Friday, February 28, 2025
2:00pm - 4:00pm EST
Joukowsky Forum, 111 Thayer St
Q&A and Reception with Smitha Radhakrishnan to Follow
Smitha Radhakrishnan is the Marion Butler McLean Professor in the History of Ideas and
Professor of Sociology at Wellesley College. Radhakrishnan is the author of four books, most
recently Making Women Pay: Microfinance in Urban India (Duke University Press, Alice
Amsden Book Prize Honorable Mention 2024) and The Gender Order of Neoliberalism (with
Cinzia D. Solari, Polity Press, Immanuel Wallerstein Book Prize Winner 2024). Her article
publications have appeared in leading feminist and development studies journals. She is
currently working on a large interview-based project on household debt in precarious
households with sites in India, South Africa and the US. Radhakrishnan is currently Chair of
the Global and Transnational Sociology section of the American Sociological Association.

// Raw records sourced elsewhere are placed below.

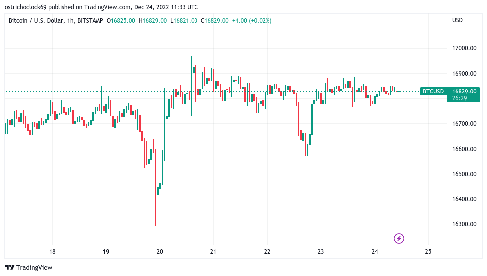 El precio de bitcoin (BTC) entró en el período de vacaciones de Navidad sin cambios en el nivel de los USD 16,800 mientras una extraña falta de volatilidad perseveraba.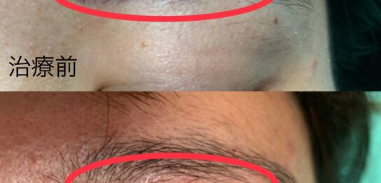 口横の傷跡に対し、幹細胞を1回投与し、128日後の結果です。二重切開の傷跡による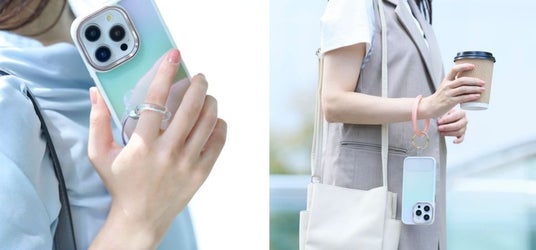 きらめくクリア感が特徴のフィンガーストラップは指に装着することで、スマートフォンの操作時や、バッグやポケットから取り出すときの落下を防ぎます。リングは揺らめく水面のようにゆらぎと丸みのあるシルエットで優しい印象を与えます。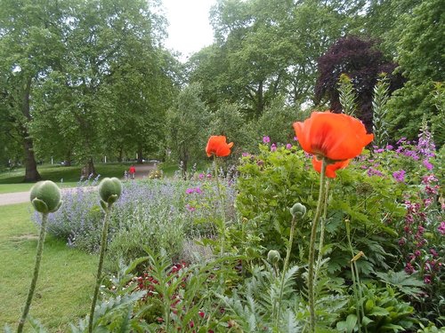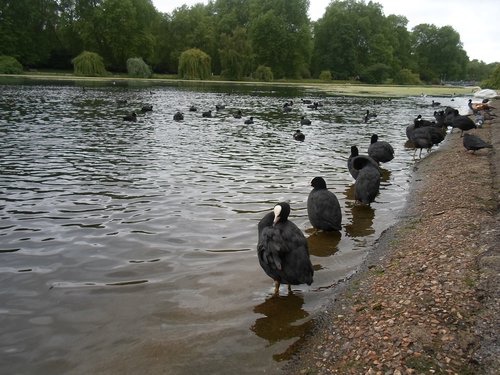 隨著侍衛隊的離去,遊人也逐漸散去。我和Candy信步走到維多利亞廣場右前方的聖詹姆士公園。公園入口處有幾個小食亭,看完衛兵交換儀式的許多遊人就在這裡排隊等著買熱狗、三明治。我們早上起得晚,此時並不感到飢餓,況且自己隨身還帶有一些南瓜子。於是我們一面走,一面吃著去了殼的南瓜子,漫無目地的隨便走著。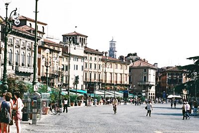 Verona Kun saapuu Veronaan julkisilla kulkuvälineillä, junalla tai bussilla tulee melko väistämättä sisään vanhasta kaupungin muurissa olevasta portista. Siitä läpi käytyään kohtaa Arenan vieressä olevan piazzan jonka varressa on monia tasokkaita ja aika kalliitakin kahviloita sekä ravintoloita.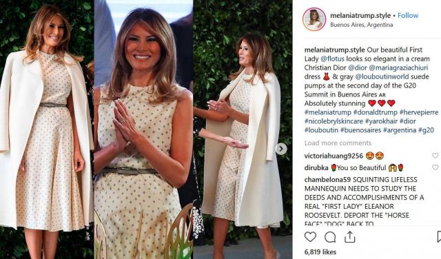 أثارت سيدة أميركا الأولى ميلانيا ترامب ضجة كبيرة بسبب الفستان الذي ارتدته خلال حضورها فعاليات قمة مجموعة الـ20 التي تقام في الأرجنتين.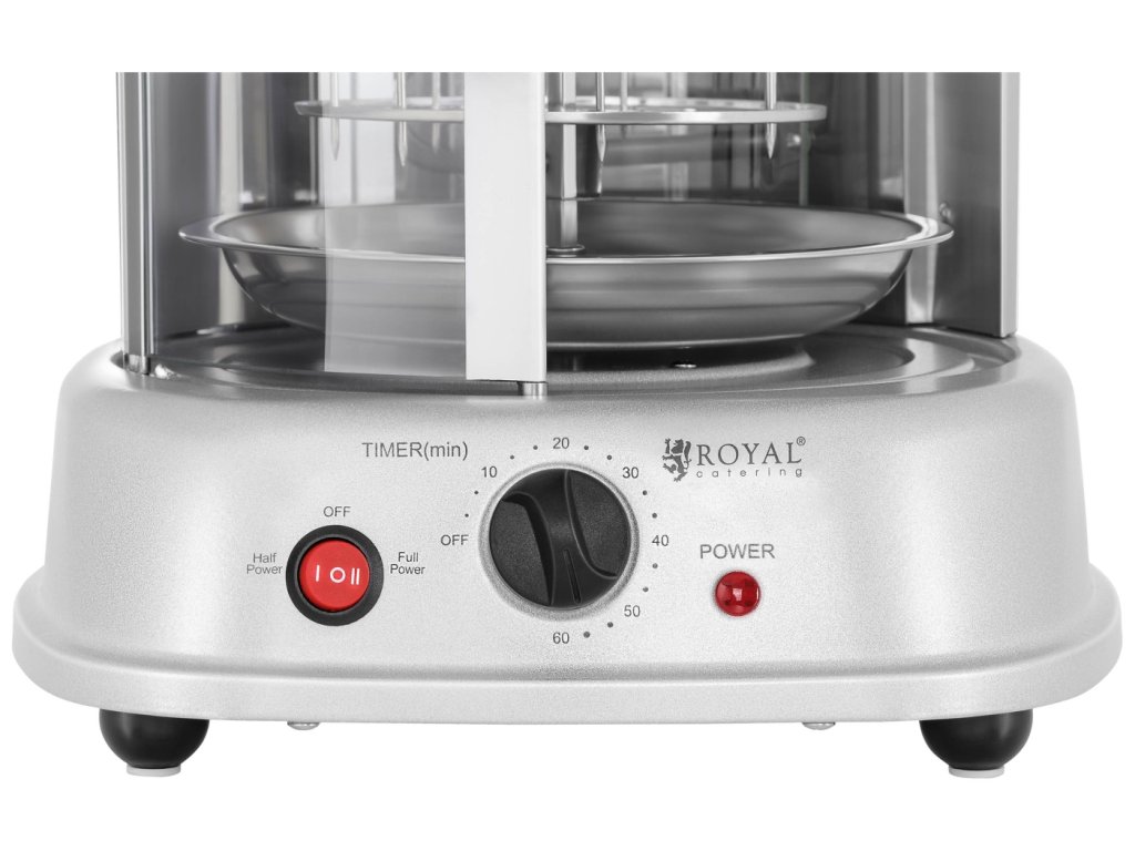 Moc 1800W sprawia, że obrotowy opiekacz do kebaba mini szybko osiąga temperaturę 160°C. Przyciski Half Power i Full Power pozwalają ustawić połowę mocy albo jej pełen zakres. Bezpieczne użytkowanie grilla zapewnia funkcja timer. Po upływie ustawionego czasu (maks. 60 minut) sprzęt sygnalizuje zakończenie pracy i automatycznie się wyłącza.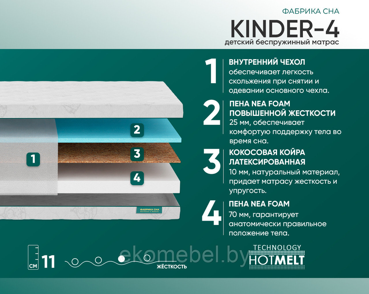 Беспружинный матрас "Киндер 4" высотой 11 см состоит из следующих материалов: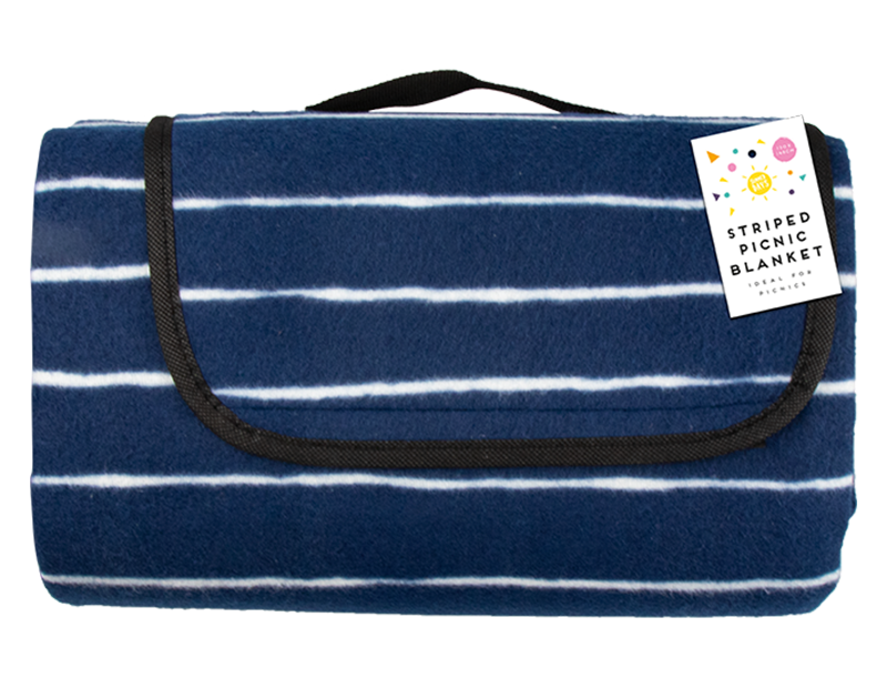 Navy Stripe Foldable Picnic Blanket 130cm x 148cm

This paper analyzes experiences of debt and precarity in the context of an intense focus on
financial inclusion policies in India. The first part of the paper draws from interviews with
150 working class men and women in urban Uttarakhand to demonstrate the prevalence of
exploitative, informal debt amid high levels of financial inclusion in the state. Almost half
our respondents reported never taking a loan from a formal financial institution, relying
instead on local moneylenders, loans from relatives, friends, or employers to manage
economic distress. The most common reported emergency loans were needed to meet
health emergencies, particularly around reproductive care, and carry an annual percentage
rate of interest that exceeds 200%. In the second part of the paper, we examine variations
along lines of caste, class, and gender among a subgroup of 37 interviewees who are all
primary earners in their households, earning similar wages doing janitorial and food service
work, and working for the same large employer. Leveraging a social reproduction
framework that focuses on physical and mental depletion over time, we uncover patterned
variations in experiences with debt corresponding with experiences of caste, class, and
gender oppression as well as interstate labor and marriage migration. We identify three
patterns of breadwinning among this subgroup: protected breadwinning, precarious
breadwinning, and depleted breadwinning. These findings pave the way for a sociological
approach to debt and indebtedness that accounts of differential access to institutions,
historical patterns of exclusion and residential segregation along lines of caste, and
differential expectations for paid and unpaid labor between men and women. We argue for
the utility of considering indebtedness as an axis of inequality similar to gender, class, and
caste and call for greater attention to the lived experiences of borrowing and debt to
address key questions of economy security in development policy, praxis, and research.